§ About this task
Below are the records; extract from them the line containing "厚厚的面饼压好后就放入油盘里" to the line containing "Глюкозный сироп, сахар;", both lines included, exactly and with no pictures.
►
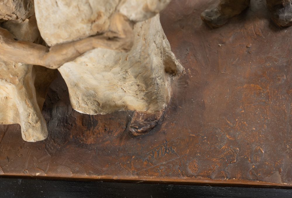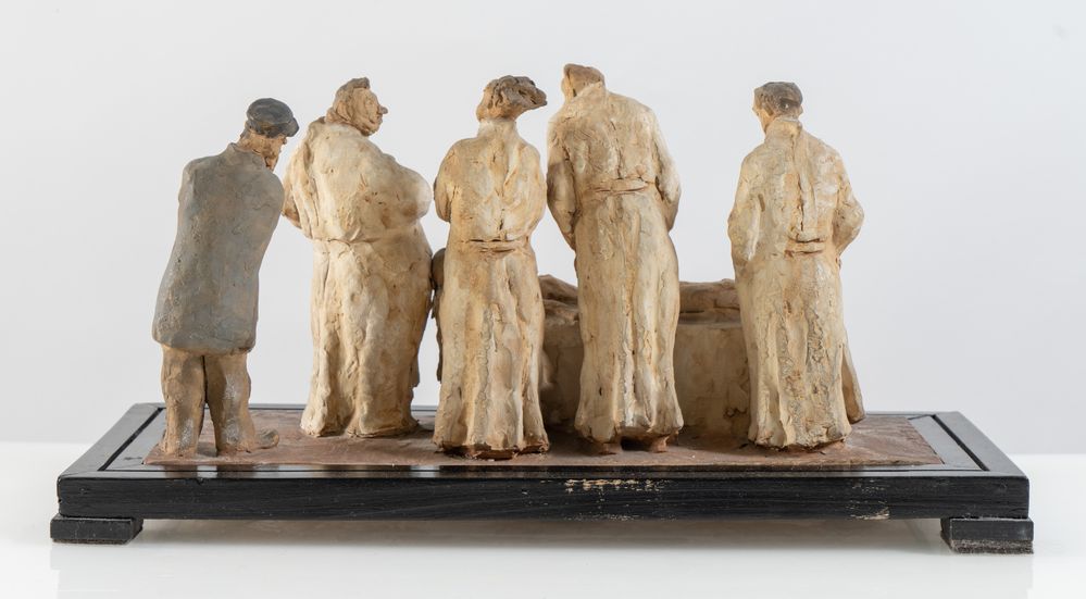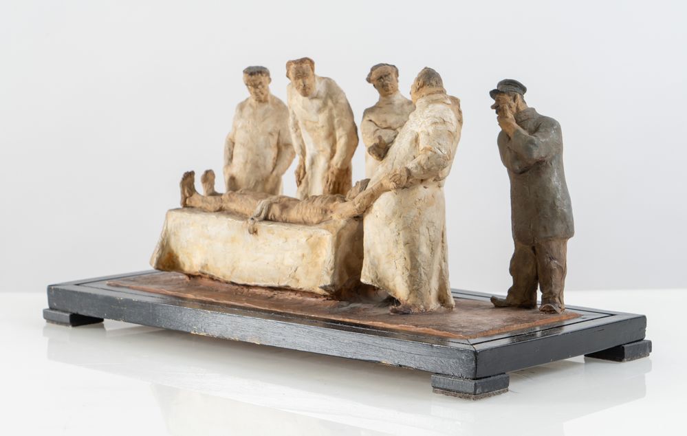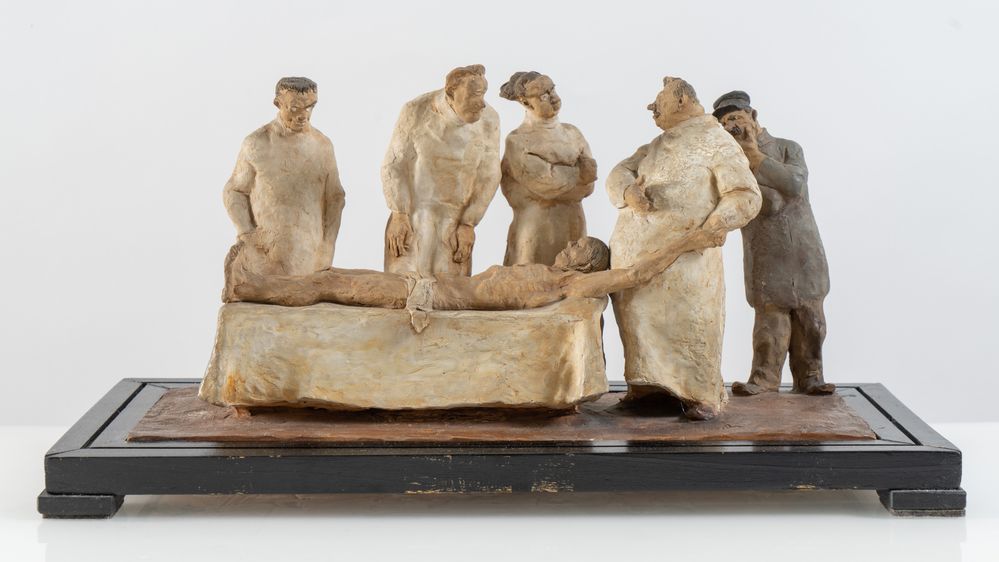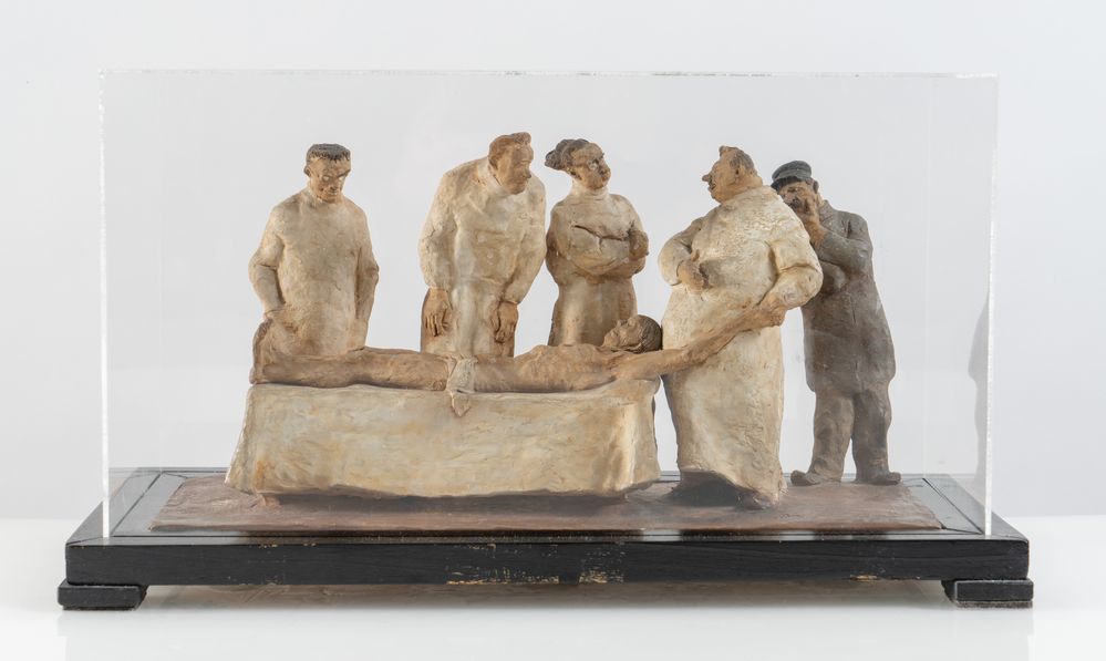 CLETO TOMBA (Castel San Pietro Terme 1898 - Bologna 1987) "Lezione di anatomia", 1933. Scultura in terracotta policroma. Cm 35x17x13. Alla base opera firmata e datata Tomba 933 XII. Pubblicazioni: L. Bertacchini (a cura di), Cleto Tomba, 2001, p.173
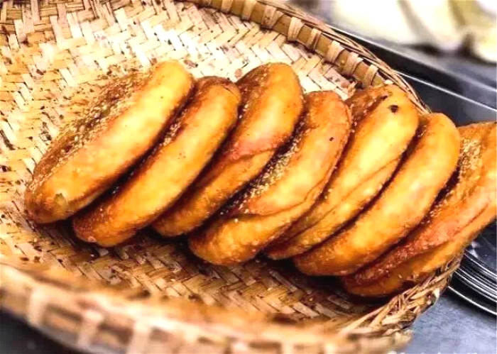 厚厚的面饼压好后就放入油盘里炸,炸完后再放入炉中烤干。酥脆的皮里包着花椒和牛肉末,吃起来辣呼呼的。这里除了有牛肉锅魁和鲜肉锅魁外,红糖锅魁也很不错。一人份的量吃着挺撑,每到中午和下午,来这里排队买锅魁的人络绎不绝。
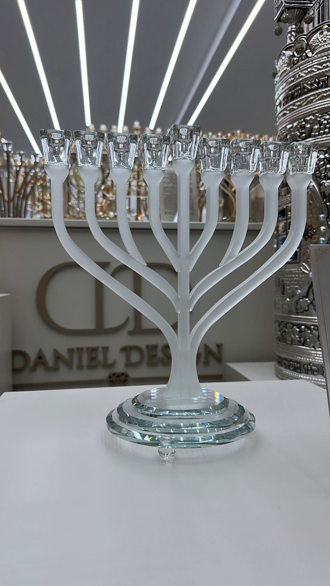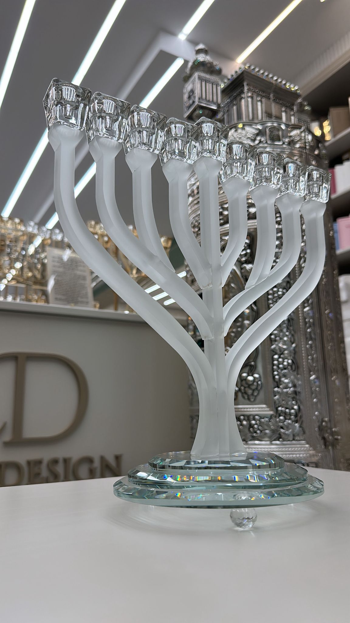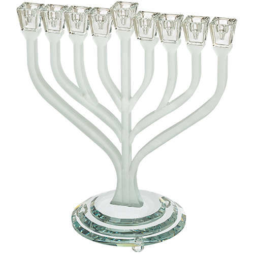 חנוכייה דגם שורשים ראשי קריסטל צבע חלבי
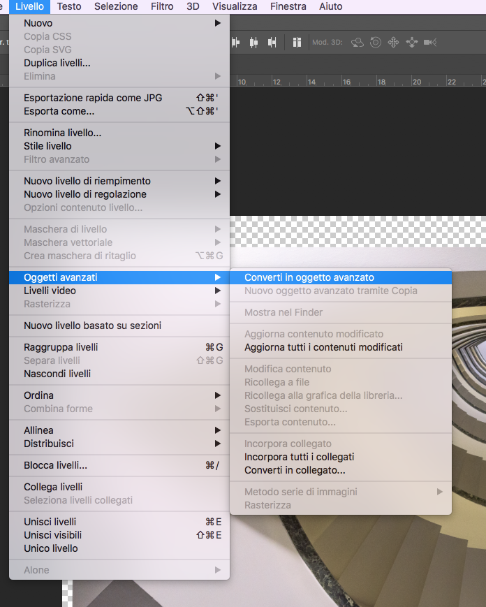 Fatto questo, sempre avendo tutti i livelli selezionati dovremo convertire il tutto in un oggetto avanzato, che, in parole povere, è una funzione che offre Ps di "tenere" dei dati in memoria ed alaborarli simultaneamente.
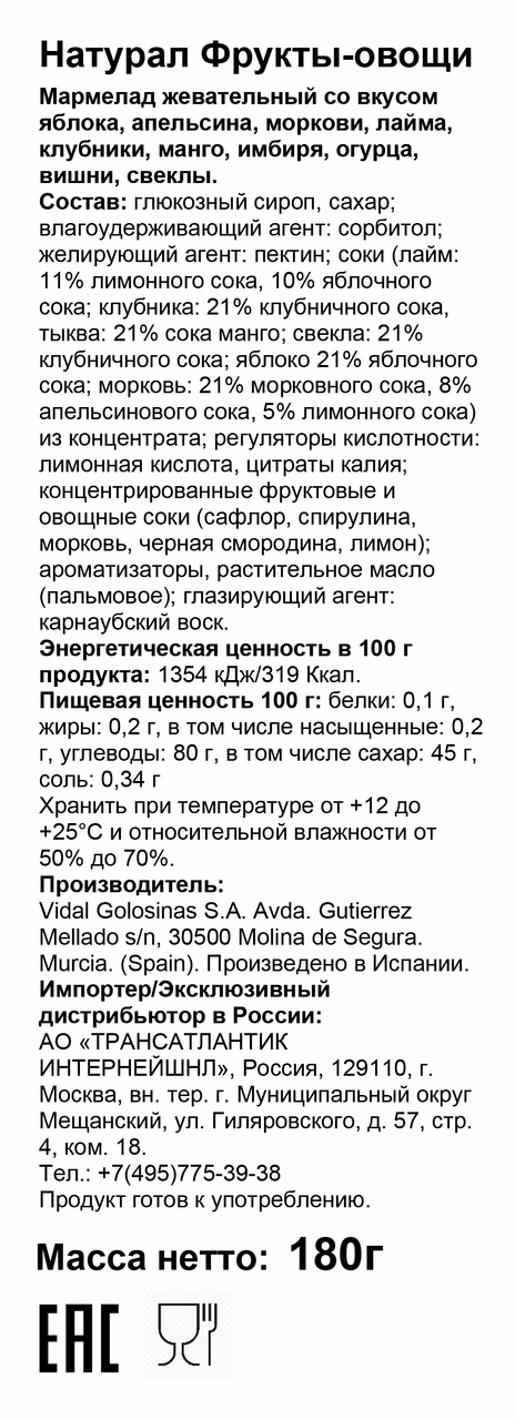 Глюкозный сироп, сахар; влагоудерживающий агент: сорбитол; желирующий агент: пектин; соки (лайм: 11% лимонного сока, 10% яблочного сока; клубника: 21% клубничного сока, тыква: 21% сока манго; свекла: 21% клубничного сока; яблоко 21% яблочного сока; морковь: 21% морковного сока, 8% апельсинового сока, 5% лимонного сока) из концентрата; регуляторы кислотности: лимонная кислота, цитраты калия; концентрированные фруктовые и овощные соки (сафлор, спирулина, морковь, черная смородина, лимон); ароматизаторы, растительное масло (пальмовое); глазирующий агент: карнаубский воск.
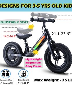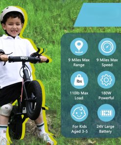 La bicicleta eléctrica infantil PRINIC es el regalo perfecto para niños exploradores jóvenes que buscan una emocionante experiencia de montaje. Con manillares y asientos ajustables, garantiza un ajuste perfecto a medida que su hijo crece. El diseño ligero y resistente del marco de aleación de magnesio lo hace ideal para niños de 3 a 6 años. Equipado con un motor de 180W y una batería de iones de litio de 24V 2.5AH, la bicicleta puede viajar hasta 9 millas y proporciona 30-50 minutos de tiempo de montaje. Las vibrantes tiras de luces LED multicolores ofrecen una mejor visibilidad durante los paseos nocturnos, creando una emocionante experiencia de colores en movimiento. Con dos configuraciones de velocidad, los niños pueden disfrutar de una conducción estándar de 5MPH o aventurarse a 9MPH. El freno EBS y la asistencia de deslizamiento hacen que la parada sea segura y estable, brindando a los padres tranquilidad. ¡Descubre la diversión y la emoción con la bicicleta eléctrica PRINIC para niños!
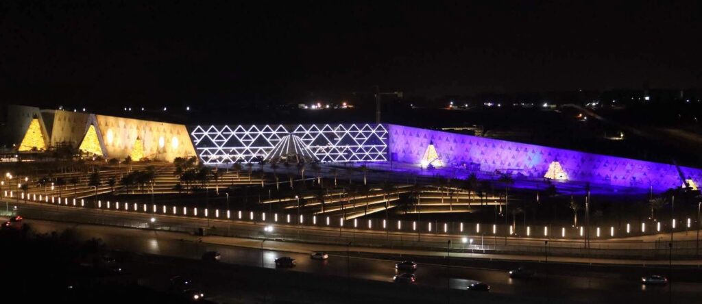 مصر – شهدت العاصمة المصرية القاهرة، السبت، إفتتاح المتحف المصري الكبير في حفل ضخم بحضور الرئيس المصري عبد الفتاح السيسي، ومشاركة دولية ودبلوماسية واسعة، وسط أجواء إحتفالية تضمنت عروضًا موسيقية وضوئية جسدت رمزيات للحضارةالمصرية وموروثاتها ، ويقع المتحف عند هضبة الجيزة على بعد نحو كيلومترين من منطقة الأهرامات.
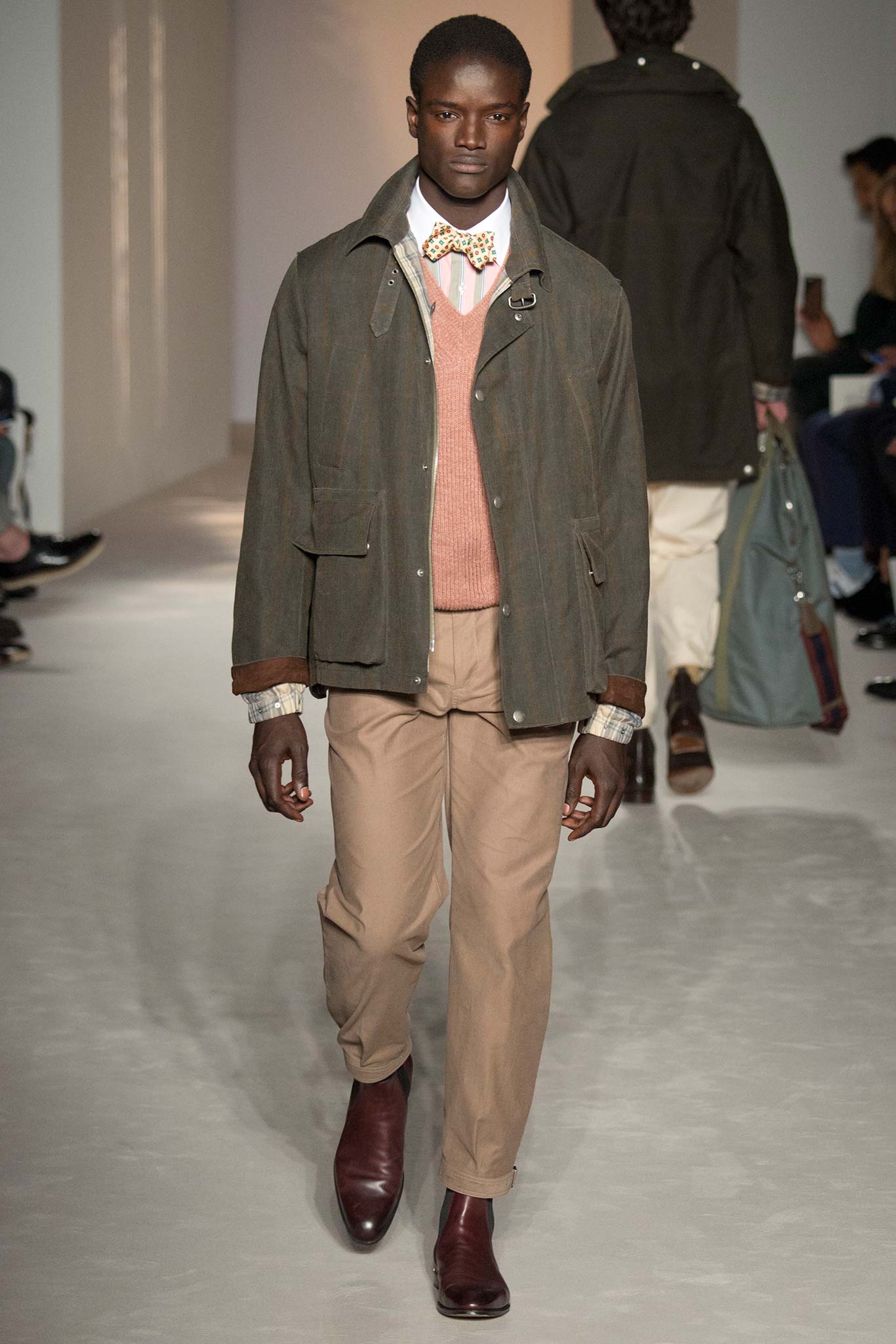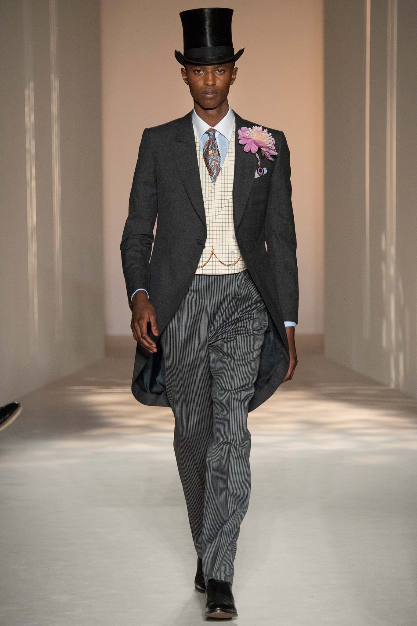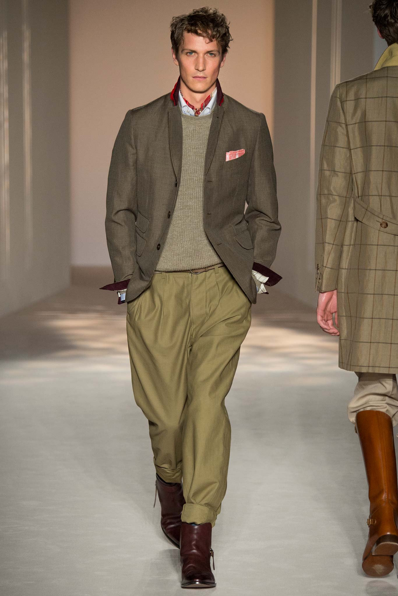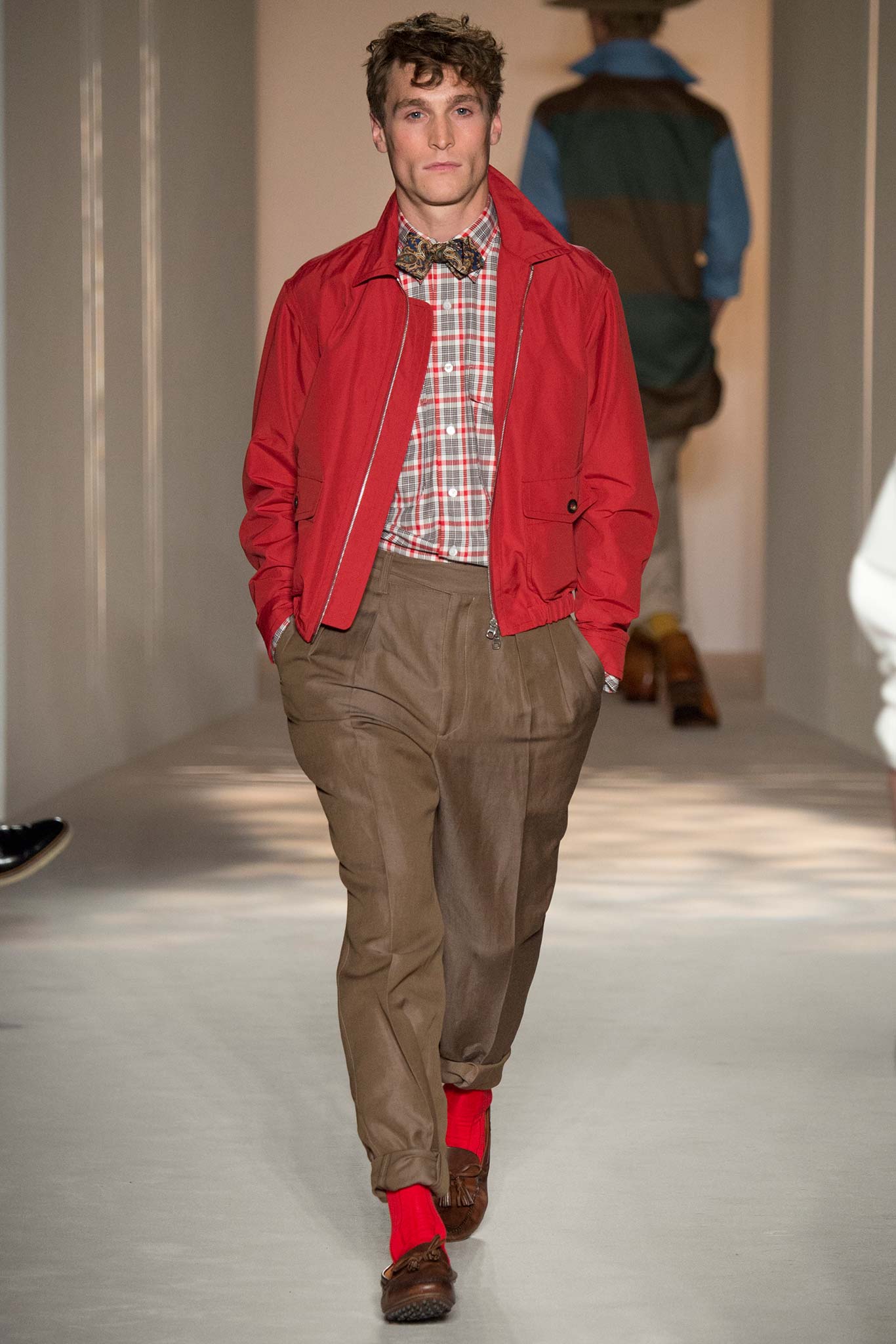 “It’s about British classicness, town and country, and Edward VIII. I didn’t want it to be super-styled,” said Ray, whose lineup spanned generations, seasons and times of day. There were morning suits and top hats, jaunty V-neck sweaters layered under plaid jackets – think Eddie Redmayne at Cambridge – and hunting jackets, all of which could easily transform the nouveau riche into lords — or, at the very least, clubbable members of the upper classes.
◄
§ Solution
 厚厚的面饼压好后就放入油盘里炸,炸完后再放入炉中烤干。酥脆的皮里包着花椒和牛肉末,吃起来辣呼呼的。这里除了有牛肉锅魁和鲜肉锅魁外,红糖锅魁也很不错。一人份的量吃着挺撑,每到中午和下午,来这里排队买锅魁的人络绎不绝。
 חנוכייה דגם שורשים ראשי קריסטל צבע חלבי
 Fatto questo, sempre avendo tutti i livelli selezionati dovremo convertire il tutto in un oggetto avanzato, che, in parole povere, è una funzione che offre Ps di "tenere" dei dati in memoria ed alaborarli simultaneamente.
 Глюкозный сироп, сахар; влагоудерживающий агент: сорбитол; желирующий агент: пектин; соки (лайм: 11% лимонного сока, 10% яблочного сока; клубника: 21% клубничного сока, тыква: 21% сока манго; свекла: 21% клубничного сока; яблоко 21% яблочного сока; морковь: 21% морковного сока, 8% апельсинового сока, 5% лимонного сока) из концентрата; регуляторы кислотности: лимонная кислота, цитраты калия; концентрированные фруктовые и овощные соки (сафлор, спирулина, морковь, черная смородина, лимон); ароматизаторы, растительное масло (пальмовое); глазирующий агент: карнаубский воск.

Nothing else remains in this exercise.